Records from a collection:

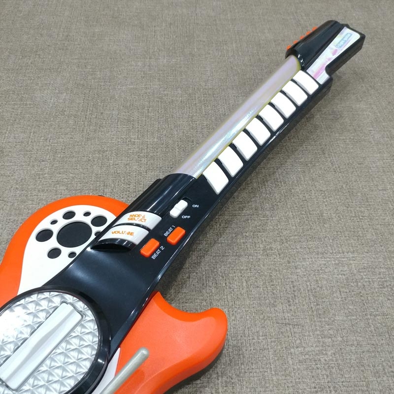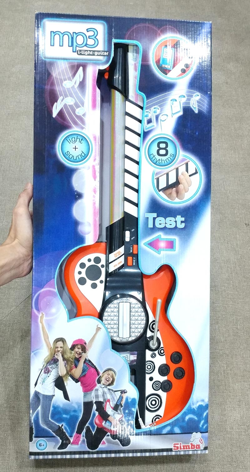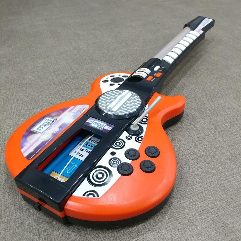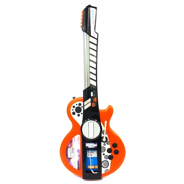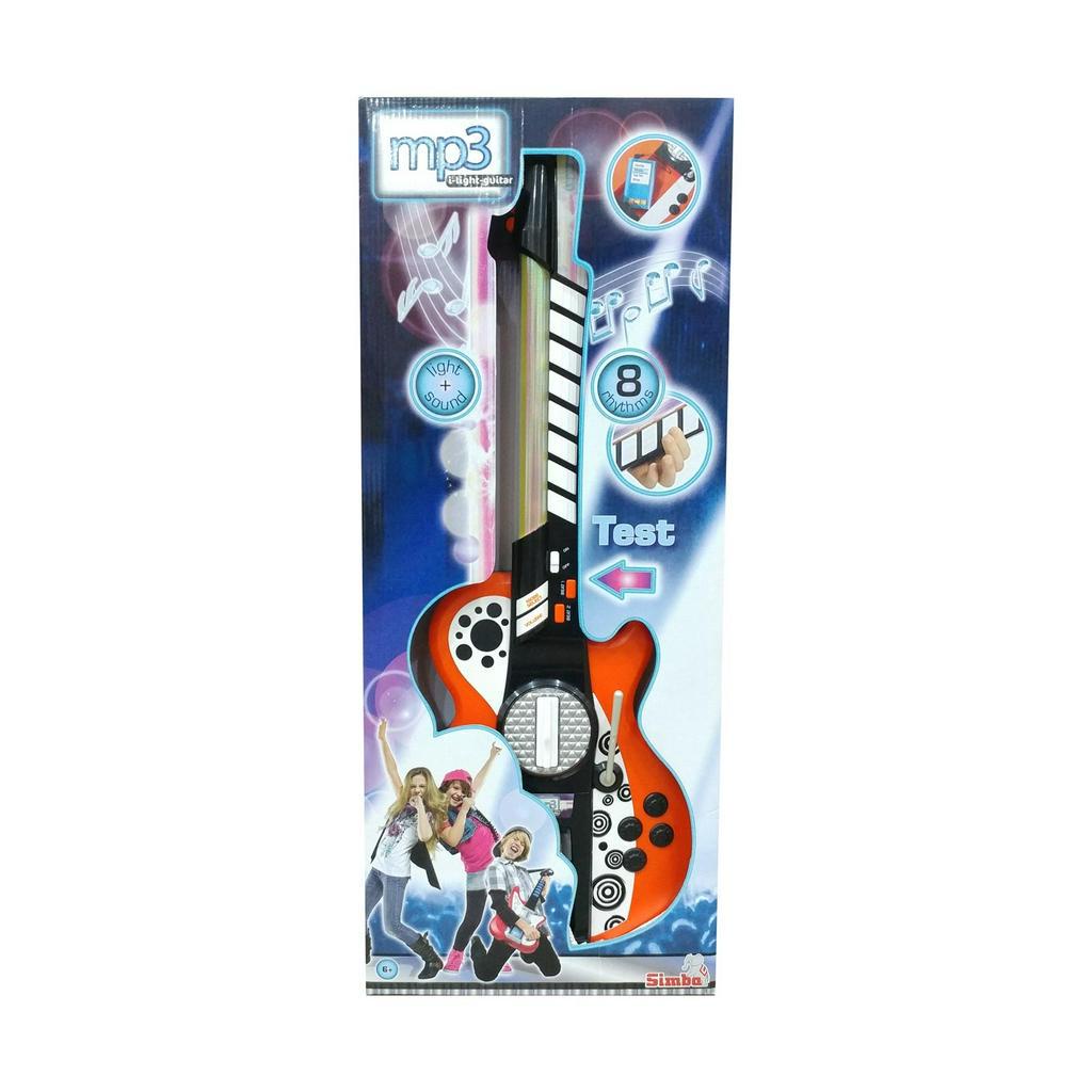Đồ Chơi Guitar My Music World 106838628 Sản phẩm là một món đồ chơi dành riêng cho các bé yêu thích âm nhạc. Sản phẩm có kèm dây đeo qua vai gắn vào thân đàn có thể điều chỉnh được. Sản phẩm có thể kết nối với máy nghe nhạc MP3 để bé có thể chơi các bài hát yêu thích của mình. Tay cầm có 8 nút âm thanh và phát sáng khi được bấm. Sản phẩm có công tắc bật/tắt, điều chỉnh âm lượng và hiệu ứng ánh sáng vô cùng tuyệt vời.
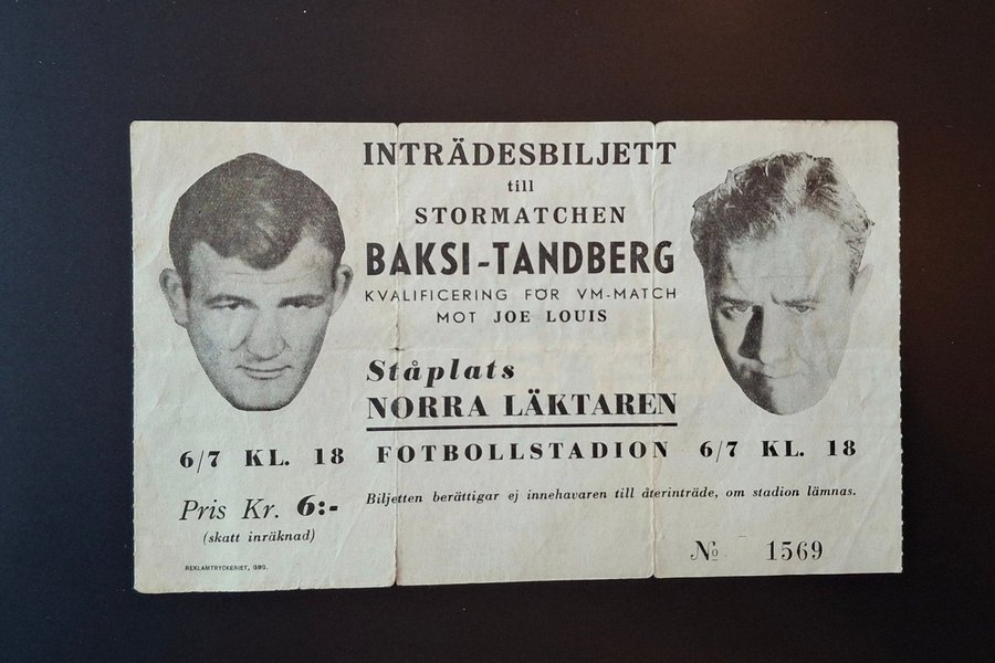 Inträdesbiljett till VM-kval matchen Joe Baksi vs Olle Tandberg juni 1947.
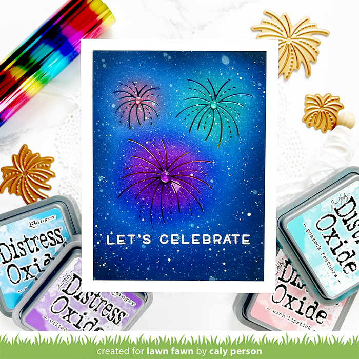 I hot foiled the Fireworks Hot Foil Plate with rainbow foil over white cardstock and ink-blended a festive night sky using Distress Oxide Inks.
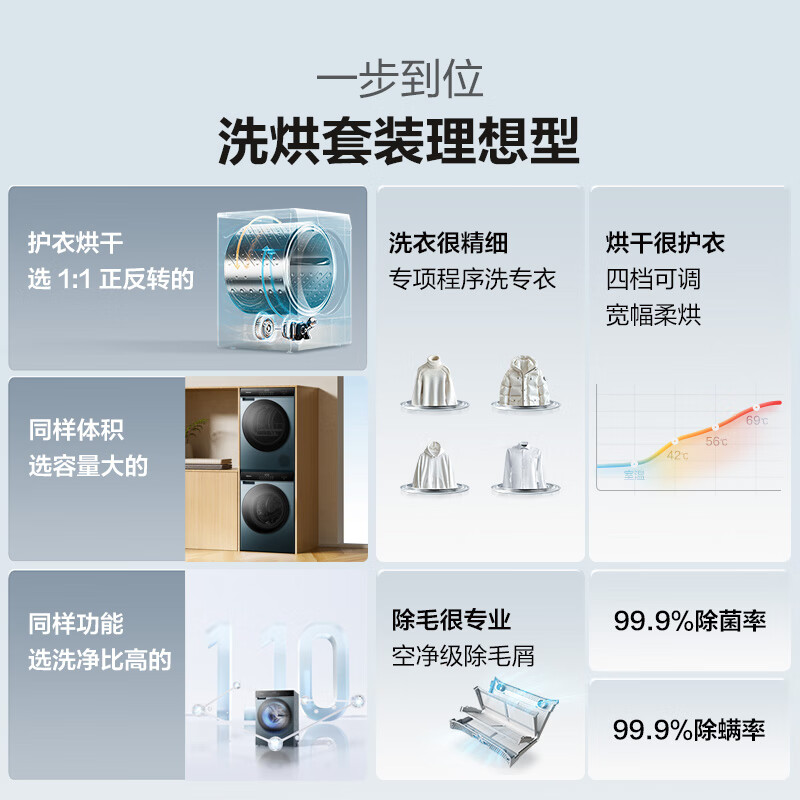 1、外形外观:鸢尾蓝颜色显得很高级,大小合适,总体轻薄,不占空间洗净效果:洗净比高,效率也高!容量大小:容量目前相当足够,因为洗衣机和烘干机都是10kg,平常衣服和床套都可以轻松搞定以旧换新:以旧换新活动真的很不错,旧机器也处理掉了,活动补贴也非常给力,回收和送新都是****,省心!
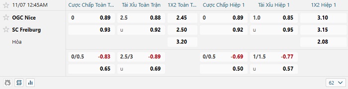 Tip kèo Châu Á full trận Nice vs Freiburg
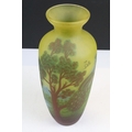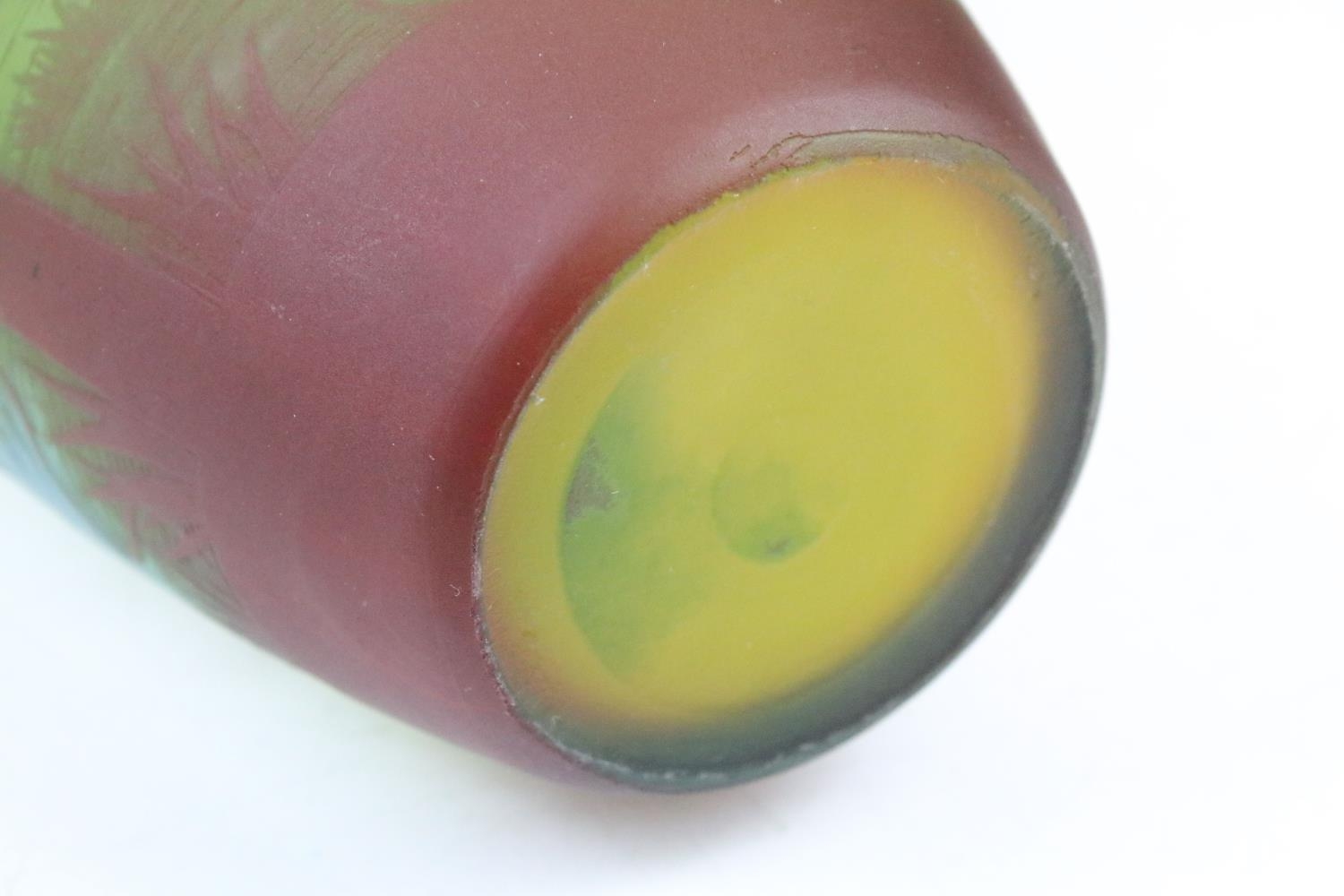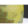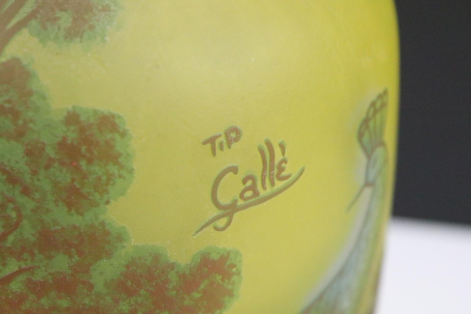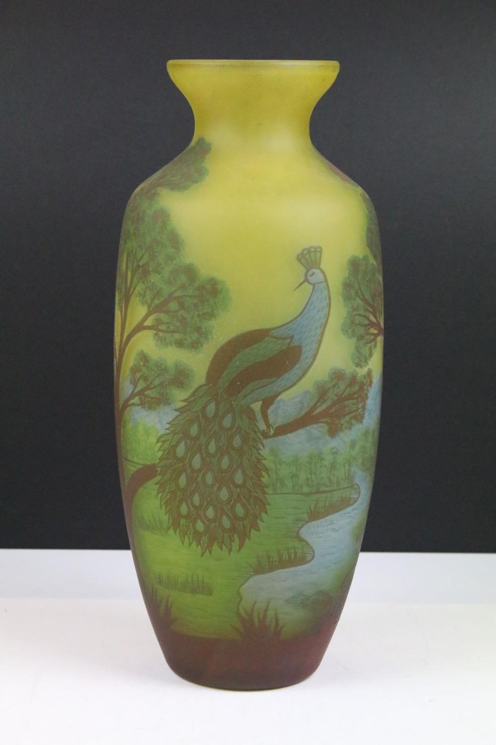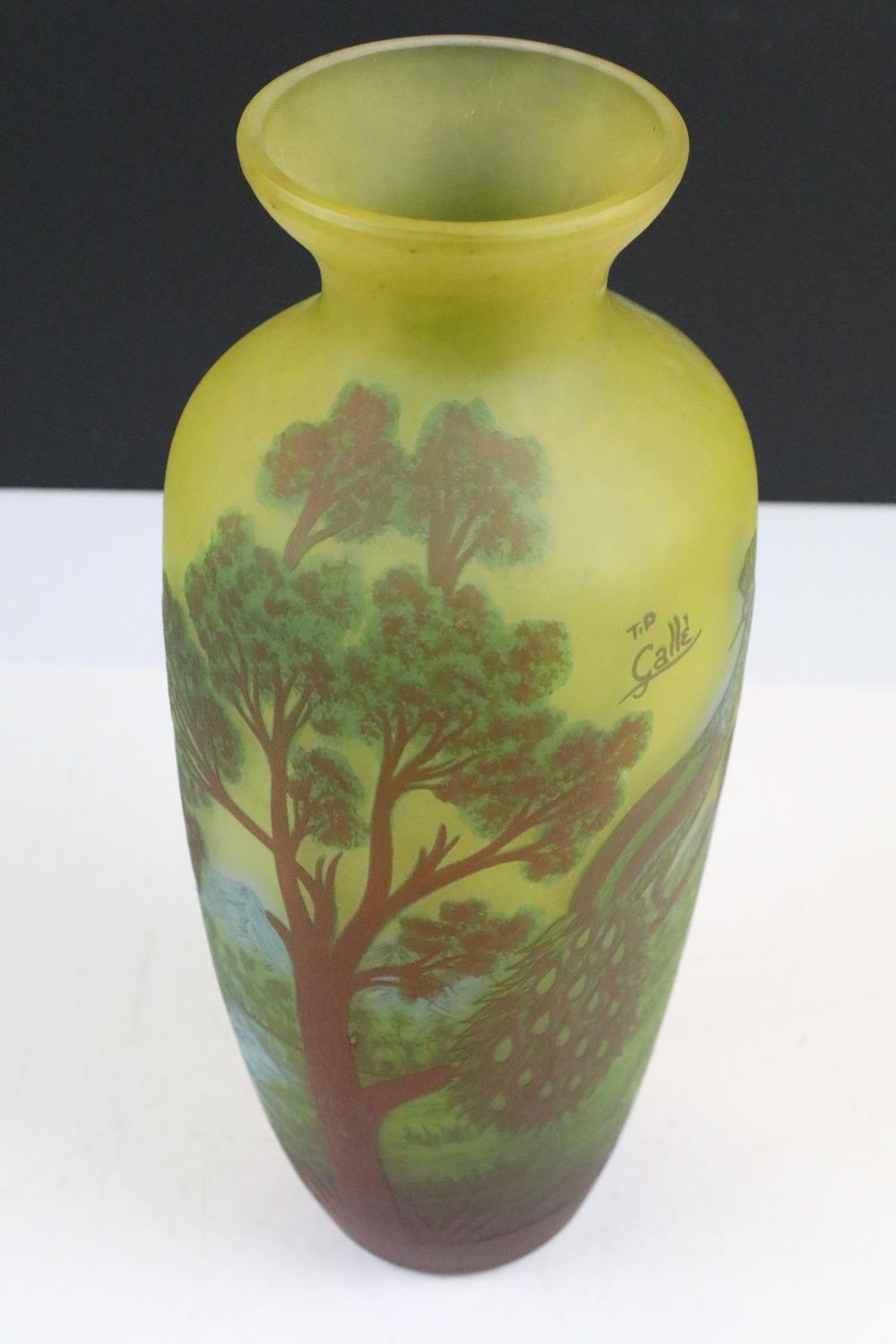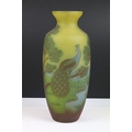 Galle Tip cameo glass vase having a yellow ground with a peacock in landscape design. Signed tip Galle. Measures 33cm tall.

Activity:
Output each record above exactly as written. Skip any pictures.

Answer section:
Đồ Chơi Guitar My Music World 106838628 Sản phẩm là một món đồ chơi dành riêng cho các bé yêu thích âm nhạc. Sản phẩm có kèm dây đeo qua vai gắn vào thân đàn có thể điều chỉnh được. Sản phẩm có thể kết nối với máy nghe nhạc MP3 để bé có thể chơi các bài hát yêu thích của mình. Tay cầm có 8 nút âm thanh và phát sáng khi được bấm. Sản phẩm có công tắc bật/tắt, điều chỉnh âm lượng và hiệu ứng ánh sáng vô cùng tuyệt vời.
 Inträdesbiljett till VM-kval matchen Joe Baksi vs Olle Tandberg juni 1947.
 I hot foiled the Fireworks Hot Foil Plate with rainbow foil over white cardstock and ink-blended a festive night sky using Distress Oxide Inks.
 1、外形外观:鸢尾蓝颜色显得很高级,大小合适,总体轻薄,不占空间洗净效果:洗净比高,效率也高!容量大小:容量目前相当足够,因为洗衣机和烘干机都是10kg,平常衣服和床套都可以轻松搞定以旧换新:以旧换新活动真的很不错,旧机器也处理掉了,活动补贴也非常给力,回收和送新都是****,省心!
 Tip kèo Châu Á full trận Nice vs Freiburg
 Galle Tip cameo glass vase having a yellow ground with a peacock in landscape design. Signed tip Galle. Measures 33cm tall.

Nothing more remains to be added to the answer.